Willy Sebut Pengetatan Produk Tembakau Ancam Hajat Hidup Orang Banyak

JAKARTA (24 September): Aturan mengenai pengetatan berbagai aspek terkait rokok atau produk tembakau berpotensi menyebabkan terjadinya pemutusan hubungan kerja (PHK) besar-besaran dalam industri hasil tembakau (IHT). Oleh karenanya, aturan terkait pengetatan produk rokok yang tertuang dalam Peraturan Pemerintah Nomor 28 Tahun 2024 tentang Kesehatan, menuai kritik dari berbagai pihak.

Alih-alih membuka lapangan kerja, kebijakan ini justru mengancam hajat hidup orang banyak.
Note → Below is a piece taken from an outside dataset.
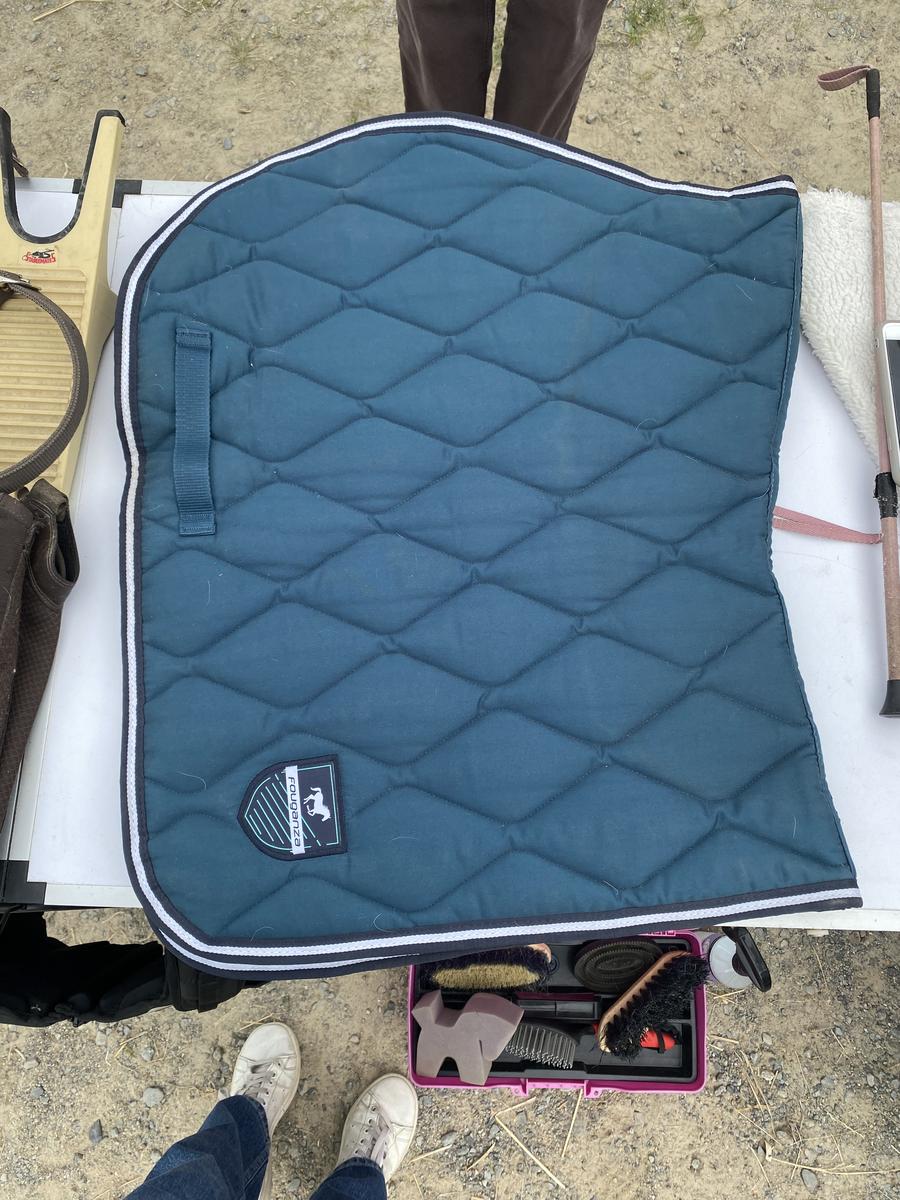 Tapis fouganza bleu canard, porté qu’une seule fois, en très bon état, pas de signe d’usure. Taille cheval

Alih-alih menghidupkan ekonomi, kebijakan ini malah meredupkan sektor usaha, khususnya industri hasil tembakau,” ungkap Wakil Ketua Badan Legislasi (Baleg) DPR, Willy Aditya, di Jakarta, Senin (23/9).
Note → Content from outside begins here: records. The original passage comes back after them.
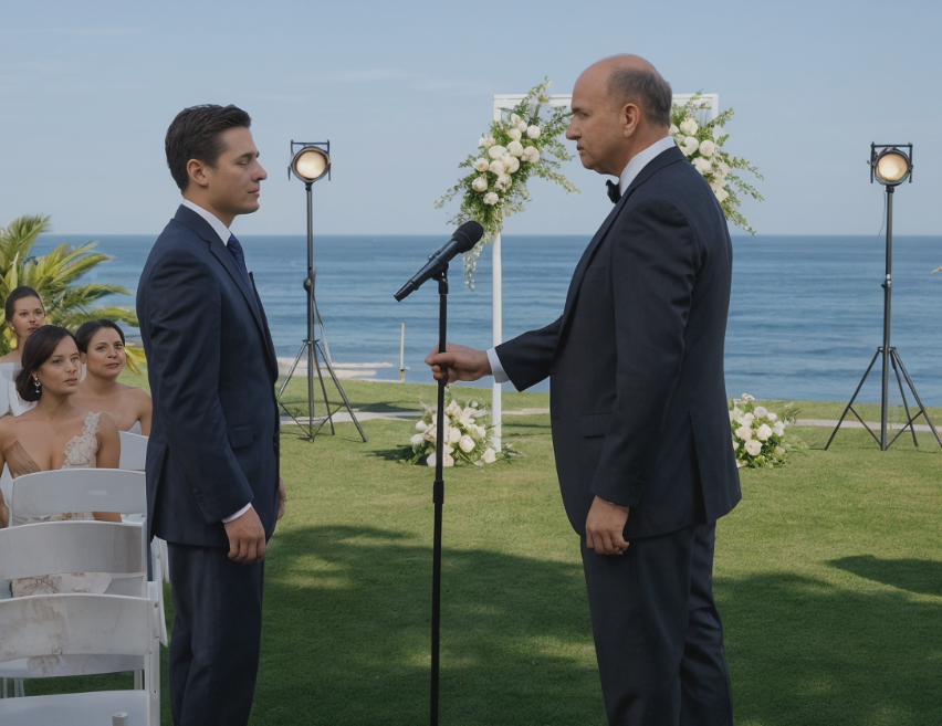 Depuis la fenêtre de l’étage, j’ai observé cinq équipes différentes installer leurs dispositifs. Projecteurs, rails, drones. Ils plaçaient la lumière pour capturer “l’heure dorée” au moment des vœux. Ils ne filmaient pas une union. Ils fabriquaient du contenu.
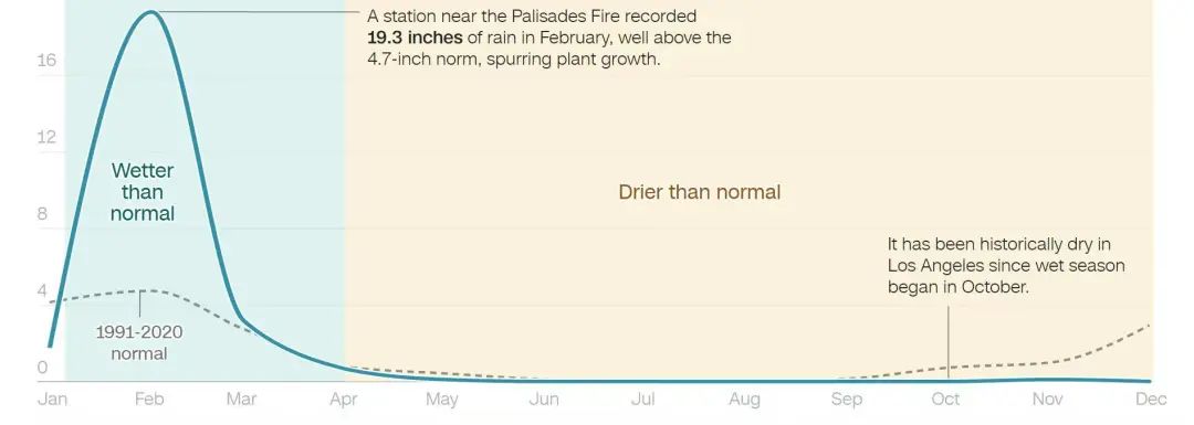本次山火最严重区域之一——帕里萨德附近气象站 2024 全年降水变化(实线曲线)和 1991-2020 年平均降水(虚线)。可以看见当地出现显著的从湿润向干旱的急剧转折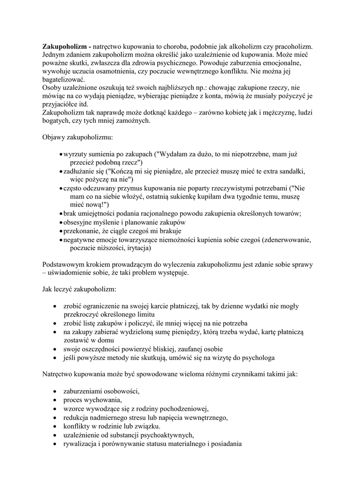 Jednym zdaniem zakupoholizm można określić jako uzależnienie od kupowania. Może mieć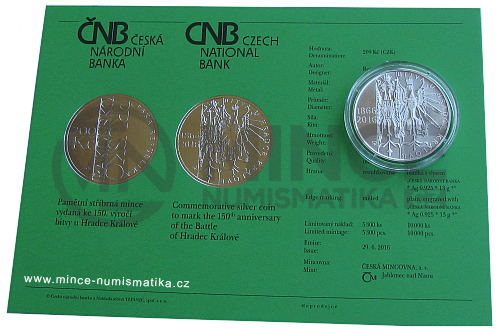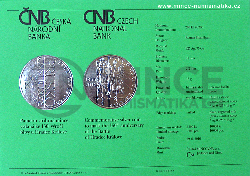 Mince uložena v kapsli a etuji (proof kvalita), ke každé minci se dodává katalogová karta zelené barvy, na níž je popis mince a její plastické vyobrazení. Text je dvojjazyčný v češtině a angličtině. Karta je společná oběma provedením mince.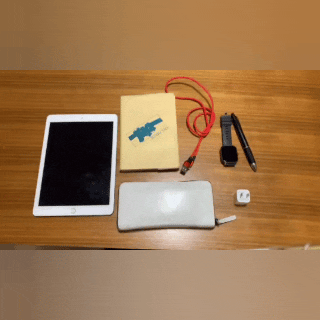 スマホ、iPad、イヤホン、モバイルバッテリー、ケーブル、財布、手帳、鍵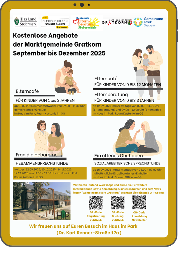 Die Elternberatung, das Elterncafé und die Workshops sind ein gemeinsames Angebot der BH Graz Umgebung, ArGe Flexible Hilfen Graz Umgebung, der ÖGK und der Marktgemeinde Gratkorn.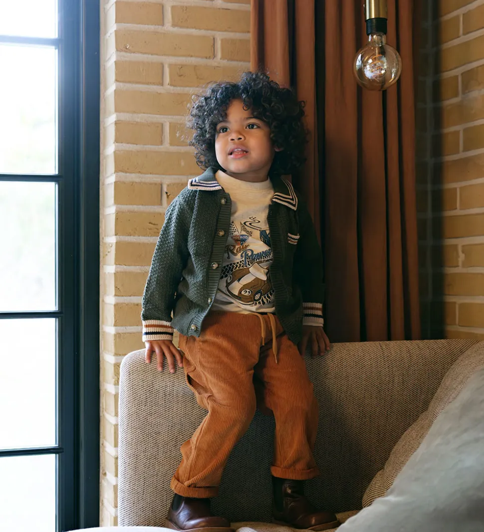 Attraktiv cardigan fra Hust and Claire i en dybgrøn nuance. Cardiganen er lavet i en strikket kvalitet med en flot struktur. Hust and Claire har tilføjet fine detaljer som striber langs kraven, lommeåbningen og manchetterne. Knapperne i trælook tilfører en subtil elegance til cardiganen.

Willy mengatakan potensi PHK menjadi suatu keniscayaan yang akan terjadi karena PP 28/2024 mengatur banyaknya pengetatan terhadap produksi rokok, termasuk Rancangan Peraturan Menteri Kesehatan (RPMK) sebagai aturan pelaksana dari PP yang memuat standardisasi kemasan atau kemasan rokok polos tanpa merek.
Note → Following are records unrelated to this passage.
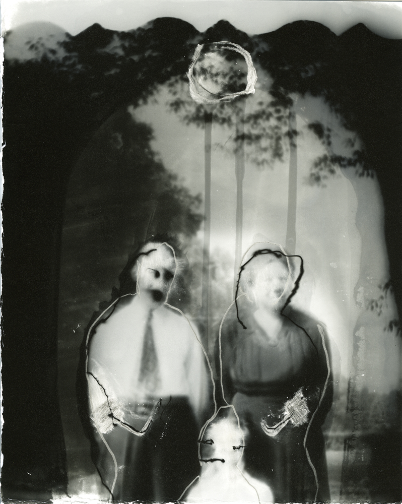 utilizing the last of his supply of Agfa paper and developer and then applied sparingly with a finger, brush, or sponge to create a new narrative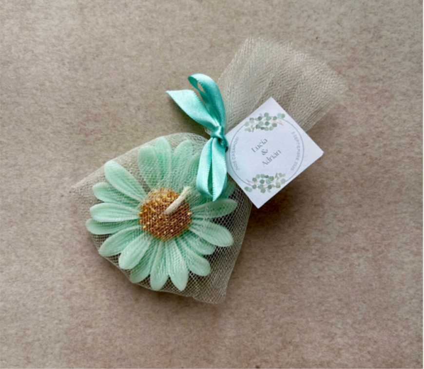 Envoltura: tul, listón y tarjeta personalizada. Se puede elegir bolsa de organza o cajita con costo adicional.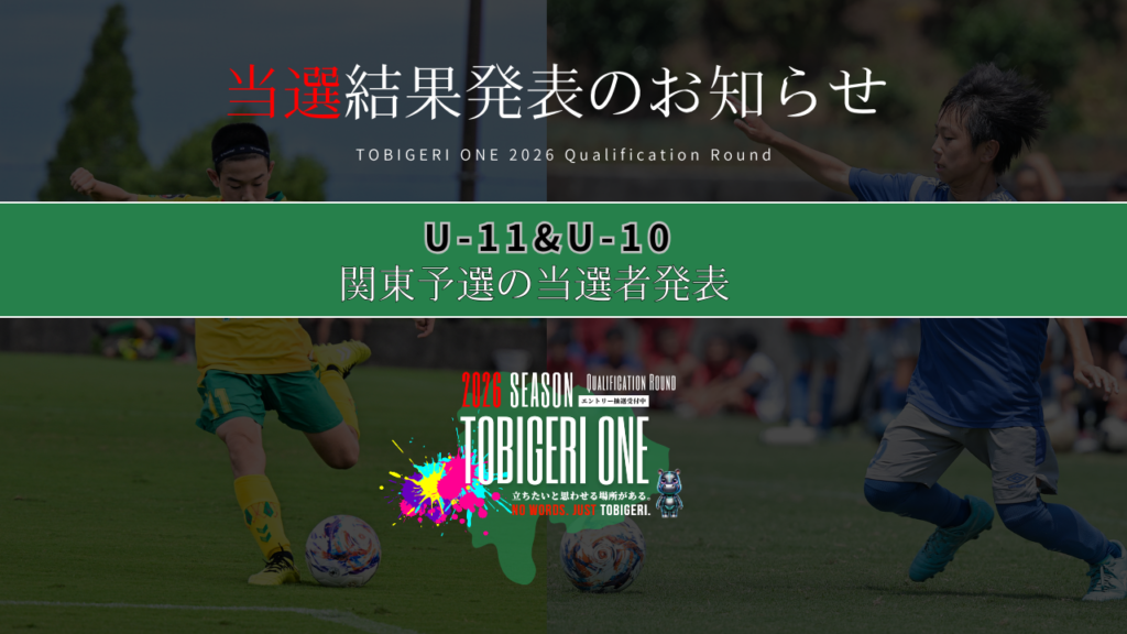 TOBIGERI ONE 2026 U-11&U-10関東予選当選結果発表🎯🔜U-11関東予選✨ 🎯当選発表はこちら🎯 🔜U-10関東予選✨ 🎯当選発表はこちら🎯 🔜当選チーム…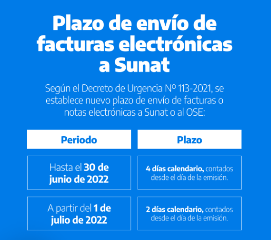 A través del Decreto de Urgencia N° 113-2021, se determinó la ampliación del plazo de envío de facturas electrónicas a la Sunat o al OSE (Operador de Servicios Electrónicos). El plazo anterior era hasta el 31 de diciembre de 2021 y ahora será hasta el 30 de junio de 2022.

Aturan yang dibangun secara sepihak dan tidak melibatkan banyak stakeholder serta tidak komprehensif pasti akan berekses negatif,” tegas Willy.

Jika aturan standardisasi kemasan atau kemasan rokok polos tanpa merek diterapkan, Willy menyebut akan terjadi penurunan produksi yang cukup signifikan. Padahal, warung-warung kelontong hampir sebagian penjualannya berasal dari rokok.

Kebijakan ini pasti menekan produksi IHT. Akhirnya, industri akan melakukan efisiensi di mana-mana, khususnya tenaga kerja. Maka potensi PHK masal jadi keniscayaan,” tukas Willy.

Dalam hal ini, Kementerian Perindustrian (Kemenperin) telah memperkirakan PHK masal tidak hanya terjadi di industri tembakau, melainkan juga ke industri pendukungnya, seperti industri kertas dan industri filter. Willy mengingatkan, banyak masyarakat Indonesia yang bergantung pada sektor industri tembakau.

Legislator NasDem yang akan kembali duduk di Senayan pada periode 2024-2029 itu menegaskan, banyak pengusaha dalam dan luar negeri mengeluhkan PP Nomor 28 Tahun 2024 tentang Peraturan Pelaksanaan Undang-Undang Nomor 17 Tahun 2023 tentang Kesehatan yang berdampak luas bagi industri rokok nasional.

Rancangan Peraturan Kesehatan (RPMK) tentang Pengamanan Produk Tembakau dan Rokok Elektronik yang memuat ketentuan tentang kemasan polos tanpa merek untuk produk tembakau alternatif dengan referensi dari Framework Convention on Tobacco Control (FCTC) yang tidak diratifikasi Pemerintah Indonesia. Hal itu dapat berdampak besar bagi pelaku usaha rokok kretek atau industri rokok termasuk UMKM.

Anggota Komisi XI DPR RI itu juga mengingatkan, pendapatan negara dari cukai hasil tembakau (CHT) tidak bisa dipandang sebelah mata. Berdasarkan laporan Badan Pemeriksa Keuangan (BPK), CHT mencapai Rp210,29 triliun pada 2023. Meskipun dalam kurun lima tahun ke belakang angkanya terus menurun, tapi industri it menjadi salah satu penyumbang pendapatan negara yang besar atau 10% dari APBN tahun 2023.

Padahal, iklim ekonomi kita tidak sedang baik-baik saja. Sama dengan yang terjadi di dunia. Di tengah situasi seperti ini, industri tembakau memiliki peran dan fungsi strategi,” pungkas Willy.